A user opens up a web browser on their phone to buy a product from your company. Their wireless service provider routes their request to a CDN that operates in a data center physically close to them. If the CDN doesn’t have the data to fulfill the request, their request is routed onward. Next, a load balancer routes the request to a physical server on which the hypervisor determines which VM to route to in your cloud-hosted infrastructure. Once the VM’s Linux kernel has received the traffic, your application processes the request, and the response follows a similar path back to the client.

A lot is going on here. How many different networks did you count? Each network introduces some processing as a router determines the best path to get to the next destination. More network hops and different network types with varying transmission speeds lead to inconsistent and long response times. How many types of network devices were involved?

Your users generally don’t care about these implementation details as long as the traffic gets through reliably. However, when requests aren’t making it through, it matters a lot, and you have to figure out what is happening now. Rather than reacting to requests later, it’s helpful to understand the context of your system’s networks and build and manage them based on that knowledge. Understanding your system’s needs enables you to make informed choices, as illustrated in the example of caching data closer to clients with a CDN and routing requests to the appropriate destination with load balancers.

As with all decisions in the building blocks of your systems, the context of what you are building matters. Effective use of the resources and options available to you will improve the cost to the humans on the team to manage the system, the impact on your customers, and the business’s overall bottom line.

Key Characteristics of Networks

As with storage, there are a couple of primary ways to think about network options—wired versus wireless—and within each of these broad categories, there are different media (e.g., copper wire, fiber-optic cables) and communication protocols.

Networks have a topology, element arrangement, and data flow. Depending on the medium, network topology will define the layout of the physical cabling, the location of the different network resources, and embedded fault tolerance. All of these factors play into the cost associated with the network.

The key characteristics of networks include the following:


The capacity of the communication channel usually described as a rate for a fixed time; i.e., megabits per second (Mbps) or gigabits per second (Gbps).


The time required for the signal to travel from one point to its destination, which depends on the physical distance the signal has to travel.

Network latency is more accurately defined by the end-to-end time to transmit the message (transmission time), the time to process the request by all the network devices along the way (processing delay), and the length of time taken up by the queue of requests to be processed (queuing delay).


The variance from the median latency. For a specific request, you can see the network latency. To calculate the expected latency, an average of some number of data points will be used. The jitter is how to describe the variance of that measurement. For workloads that depend on low-latency networks (e.g., audio, streaming), jitter can be helpful to assess the quality of the network in terms of consistency.

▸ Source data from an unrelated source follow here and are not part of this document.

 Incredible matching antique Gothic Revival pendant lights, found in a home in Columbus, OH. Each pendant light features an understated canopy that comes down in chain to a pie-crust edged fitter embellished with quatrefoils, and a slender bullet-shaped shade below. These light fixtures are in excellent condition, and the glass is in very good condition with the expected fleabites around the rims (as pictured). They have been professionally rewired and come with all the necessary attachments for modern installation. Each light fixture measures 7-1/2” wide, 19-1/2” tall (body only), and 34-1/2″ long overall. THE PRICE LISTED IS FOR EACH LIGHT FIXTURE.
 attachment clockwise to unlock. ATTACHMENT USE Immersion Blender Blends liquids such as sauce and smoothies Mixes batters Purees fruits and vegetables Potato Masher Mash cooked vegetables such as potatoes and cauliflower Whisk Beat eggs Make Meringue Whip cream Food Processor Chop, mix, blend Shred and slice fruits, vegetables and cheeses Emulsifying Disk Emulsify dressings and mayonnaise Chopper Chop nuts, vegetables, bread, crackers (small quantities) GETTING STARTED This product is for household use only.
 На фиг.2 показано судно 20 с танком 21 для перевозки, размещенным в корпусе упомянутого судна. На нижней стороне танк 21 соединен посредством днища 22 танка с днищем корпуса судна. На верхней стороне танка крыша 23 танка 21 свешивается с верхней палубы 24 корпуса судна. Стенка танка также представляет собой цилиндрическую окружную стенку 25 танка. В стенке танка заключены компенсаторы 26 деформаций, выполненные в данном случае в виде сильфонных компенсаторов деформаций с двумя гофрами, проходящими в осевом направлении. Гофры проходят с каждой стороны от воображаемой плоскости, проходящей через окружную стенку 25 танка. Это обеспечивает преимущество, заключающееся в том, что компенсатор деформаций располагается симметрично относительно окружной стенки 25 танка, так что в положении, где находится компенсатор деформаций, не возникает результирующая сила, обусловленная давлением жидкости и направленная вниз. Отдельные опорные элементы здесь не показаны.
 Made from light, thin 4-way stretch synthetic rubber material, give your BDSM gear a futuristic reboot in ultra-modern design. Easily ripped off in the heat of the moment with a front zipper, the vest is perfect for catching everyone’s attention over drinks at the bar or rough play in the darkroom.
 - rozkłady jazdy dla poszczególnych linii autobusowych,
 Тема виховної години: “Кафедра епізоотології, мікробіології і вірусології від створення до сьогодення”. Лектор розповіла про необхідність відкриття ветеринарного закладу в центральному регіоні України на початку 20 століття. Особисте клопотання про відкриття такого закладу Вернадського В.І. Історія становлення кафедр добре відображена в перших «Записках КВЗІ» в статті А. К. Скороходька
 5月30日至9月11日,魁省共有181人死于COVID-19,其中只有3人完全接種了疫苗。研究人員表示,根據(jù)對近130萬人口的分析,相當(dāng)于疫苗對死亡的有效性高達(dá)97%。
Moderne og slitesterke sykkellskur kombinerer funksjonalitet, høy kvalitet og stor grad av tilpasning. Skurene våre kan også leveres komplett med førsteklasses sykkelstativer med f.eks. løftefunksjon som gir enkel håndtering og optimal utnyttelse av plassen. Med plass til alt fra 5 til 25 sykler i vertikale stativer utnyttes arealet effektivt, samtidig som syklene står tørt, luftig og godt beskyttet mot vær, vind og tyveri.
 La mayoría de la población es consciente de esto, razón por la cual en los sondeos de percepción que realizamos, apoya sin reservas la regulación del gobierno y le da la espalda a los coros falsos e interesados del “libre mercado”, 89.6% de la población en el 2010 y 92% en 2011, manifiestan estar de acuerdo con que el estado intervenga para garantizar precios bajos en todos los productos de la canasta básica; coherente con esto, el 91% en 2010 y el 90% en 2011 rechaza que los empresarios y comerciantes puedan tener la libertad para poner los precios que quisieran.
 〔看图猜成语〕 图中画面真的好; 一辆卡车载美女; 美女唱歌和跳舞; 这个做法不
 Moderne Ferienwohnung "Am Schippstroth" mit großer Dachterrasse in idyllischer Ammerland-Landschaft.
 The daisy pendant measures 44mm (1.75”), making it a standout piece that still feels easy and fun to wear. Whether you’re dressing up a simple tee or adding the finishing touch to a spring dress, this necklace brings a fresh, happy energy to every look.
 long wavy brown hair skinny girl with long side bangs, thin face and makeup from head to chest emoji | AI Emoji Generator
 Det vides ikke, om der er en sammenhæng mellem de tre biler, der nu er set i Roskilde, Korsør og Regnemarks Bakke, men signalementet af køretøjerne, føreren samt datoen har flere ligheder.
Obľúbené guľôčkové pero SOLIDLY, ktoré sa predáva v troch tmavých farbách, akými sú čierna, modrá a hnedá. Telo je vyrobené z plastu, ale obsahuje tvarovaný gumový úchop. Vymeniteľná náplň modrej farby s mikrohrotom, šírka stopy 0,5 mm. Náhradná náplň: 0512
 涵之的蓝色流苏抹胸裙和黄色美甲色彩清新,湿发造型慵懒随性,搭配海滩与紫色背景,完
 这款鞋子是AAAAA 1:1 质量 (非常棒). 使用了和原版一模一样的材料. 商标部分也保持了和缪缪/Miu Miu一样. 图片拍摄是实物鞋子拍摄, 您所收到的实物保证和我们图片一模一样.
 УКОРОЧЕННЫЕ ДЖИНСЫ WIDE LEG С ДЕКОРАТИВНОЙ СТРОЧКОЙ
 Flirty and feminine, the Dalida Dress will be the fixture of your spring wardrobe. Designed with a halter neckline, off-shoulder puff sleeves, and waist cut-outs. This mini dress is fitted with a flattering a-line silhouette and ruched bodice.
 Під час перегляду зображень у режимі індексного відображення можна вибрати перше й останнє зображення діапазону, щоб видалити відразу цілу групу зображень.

The measure of the probability of the network being available. Different networks are capable of handling different numbers of failures.

Build a Network

Imagine that you’re responsible for deploying a system to a data center. The system has a gateway that routes to an application that consists of a database and a bank of web servers. The data center provides backbone connectivity, but you’re responsible for everything else. So, what network resources will you need? Here are some that come to mind:

  • A firewall to filter ingress and egress traffic

  • A gateway router to accept incoming traffic from the public internet, steer it to internal resources that process that traffic, and relay outbound traffic from the internal hosts onward back to remote clients

  • A load balancer to distribute traffic among the web servers

  • Intrusion detection systems to protect the network from unauthorized external access and other suspicious network activity

  • A VPN gateway that grants authorized remote users elevated access to the private network

When factoring in your network’s needs, think about the traffic patterns, type, and amount of traffic.

Often networks are described based on the available bandwidth. However, even if two compute environments both have high bandwidth in their connection to the broader internet, their physical separation may limit the quality of interaction because of the latency or jitter.

The Open Systems Interconnection (OSI) reference model is a seven-layered architecture that is used to visualize details about protocol and interface implementation. For example, traditional load balancing is called Layer 4 (L4) load balancing because it occurs at the fourth level, transport. This type of load balancing occurs by the network device or application distributing requests based on the source and destination IP addresses and ports without deeper introspection into the content of the packets. Layer 7 (L7) load balancing occurs at the seventh level, application. Network or applications that are using application load balancing distribute requests based on the requests characteristics.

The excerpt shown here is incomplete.